TASK PROMPT — Pull out the lines from the one containing "CANCÚN, Quintana Roo, 12" through the final line of the listing below and repeat them exactly. Leave the pictures behind.

++++++++++++++++++++

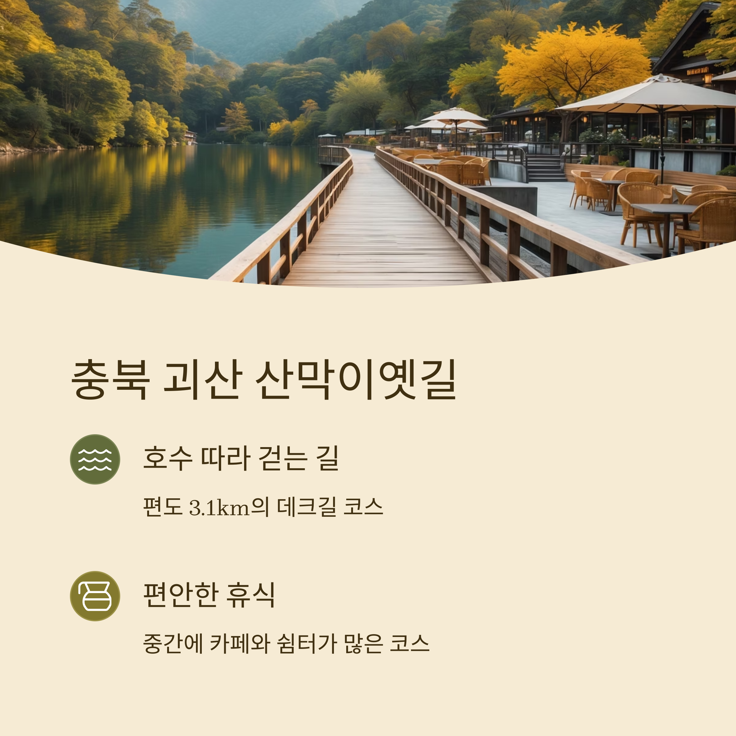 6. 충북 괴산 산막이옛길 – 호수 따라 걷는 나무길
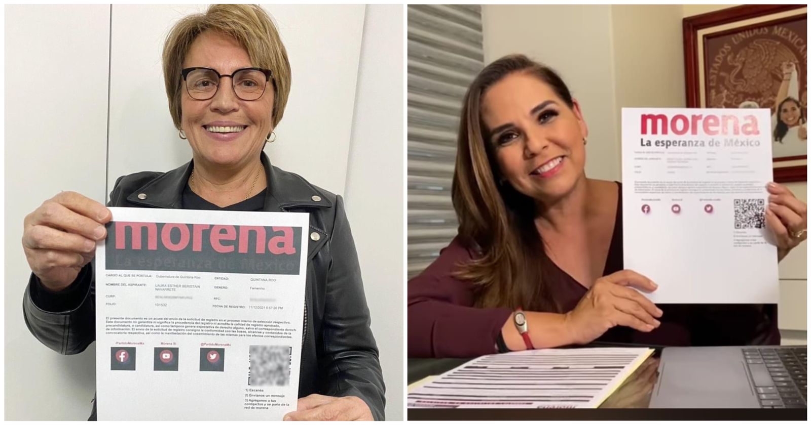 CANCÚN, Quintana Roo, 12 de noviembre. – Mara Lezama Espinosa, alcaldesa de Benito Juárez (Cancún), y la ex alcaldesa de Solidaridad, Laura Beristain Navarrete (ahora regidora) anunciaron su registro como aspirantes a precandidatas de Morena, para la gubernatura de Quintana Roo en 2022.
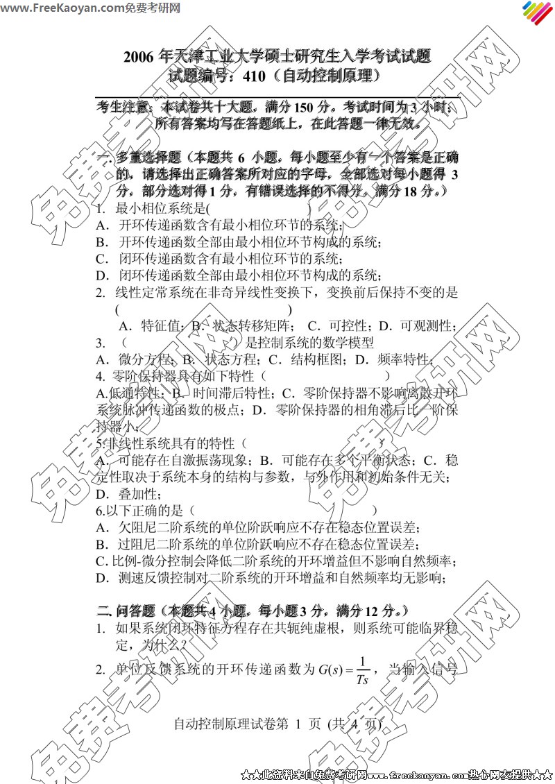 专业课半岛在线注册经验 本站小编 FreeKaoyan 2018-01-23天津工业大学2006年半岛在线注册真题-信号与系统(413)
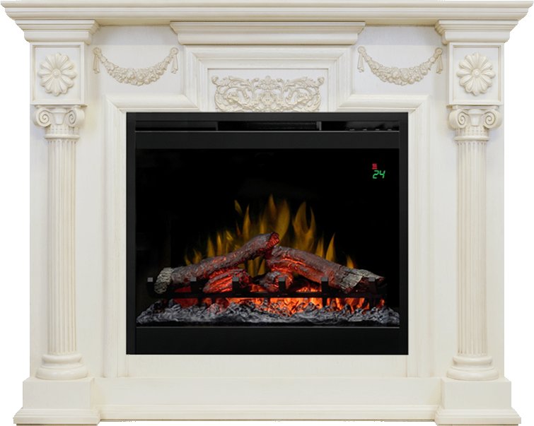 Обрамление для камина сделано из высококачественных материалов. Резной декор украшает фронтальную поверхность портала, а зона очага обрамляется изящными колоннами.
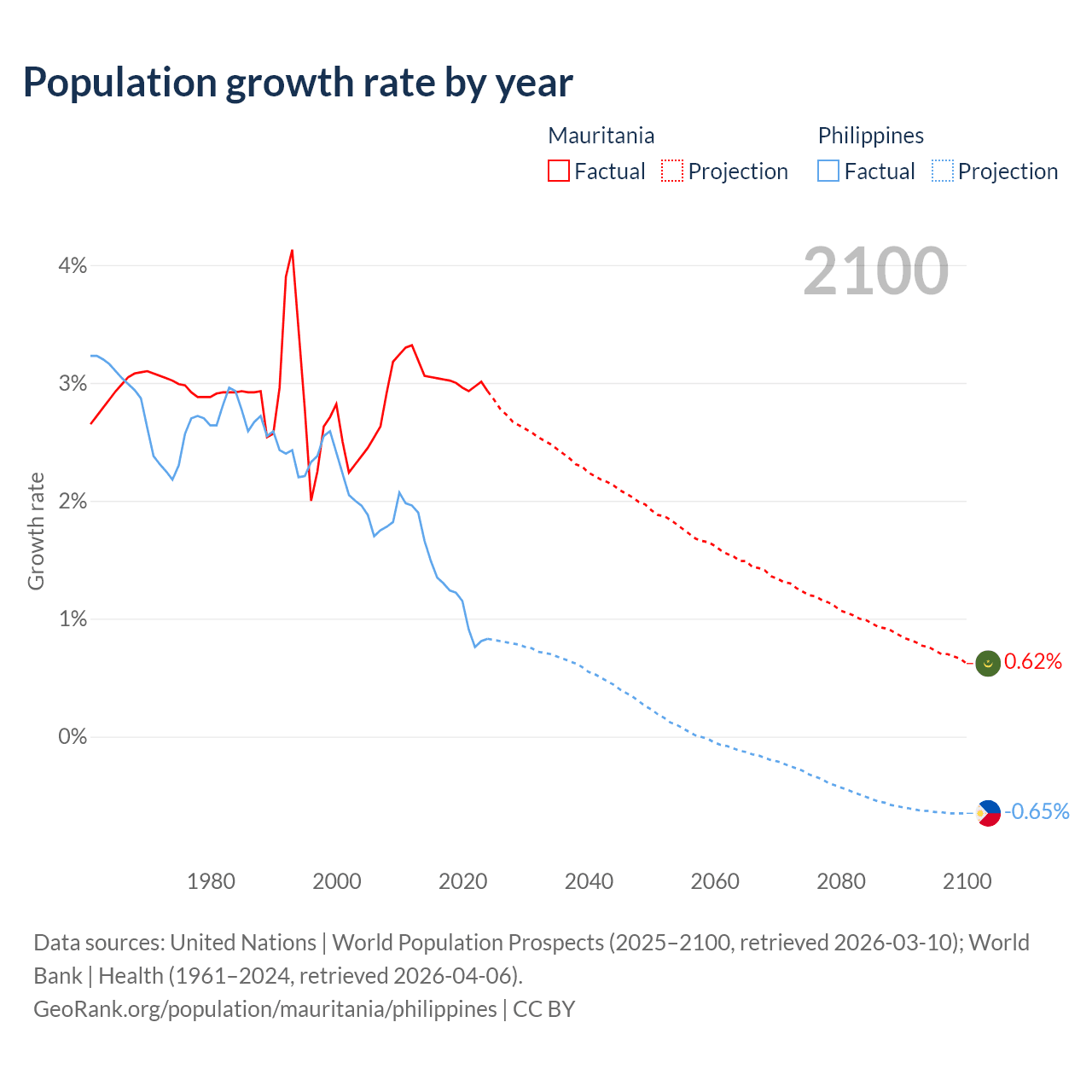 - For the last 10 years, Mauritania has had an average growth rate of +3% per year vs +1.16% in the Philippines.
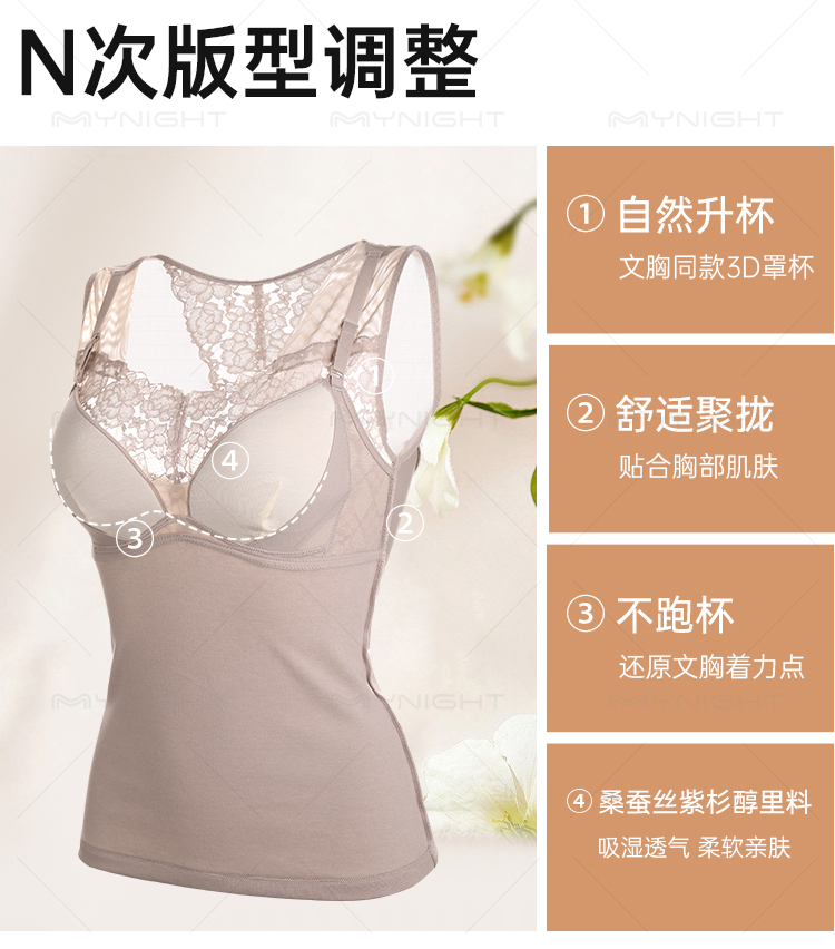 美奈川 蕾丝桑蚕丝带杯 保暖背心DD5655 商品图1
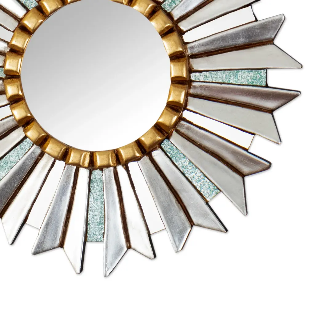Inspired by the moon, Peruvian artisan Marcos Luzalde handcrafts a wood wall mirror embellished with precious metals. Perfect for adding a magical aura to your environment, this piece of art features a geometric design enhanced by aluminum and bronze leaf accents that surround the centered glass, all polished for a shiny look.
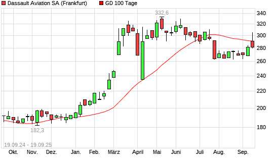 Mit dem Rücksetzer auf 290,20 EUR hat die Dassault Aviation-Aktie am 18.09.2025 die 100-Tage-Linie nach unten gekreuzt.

++++++++++++++++++++

RESPONSE AREA —
 CANCÚN, Quintana Roo, 12 de noviembre. – Mara Lezama Espinosa, alcaldesa de Benito Juárez (Cancún), y la ex alcaldesa de Solidaridad, Laura Beristain Navarrete (ahora regidora) anunciaron su registro como aspirantes a precandidatas de Morena, para la gubernatura de Quintana Roo en 2022.
 专业课半岛在线注册经验 本站小编 FreeKaoyan 2018-01-23天津工业大学2006年半岛在线注册真题-信号与系统(413)
 Обрамление для камина сделано из высококачественных материалов. Резной декор украшает фронтальную поверхность портала, а зона очага обрамляется изящными колоннами.
 - For the last 10 years, Mauritania has had an average growth rate of +3% per year vs +1.16% in the Philippines.
 美奈川 蕾丝桑蚕丝带杯 保暖背心DD5655 商品图1
Inspired by the moon, Peruvian artisan Marcos Luzalde handcrafts a wood wall mirror embellished with precious metals. Perfect for adding a magical aura to your environment, this piece of art features a geometric design enhanced by aluminum and bronze leaf accents that surround the centered glass, all polished for a shiny look.
 Mit dem Rücksetzer auf 290,20 EUR hat die Dassault Aviation-Aktie am 18.09.2025 die 100-Tage-Linie nach unten gekreuzt.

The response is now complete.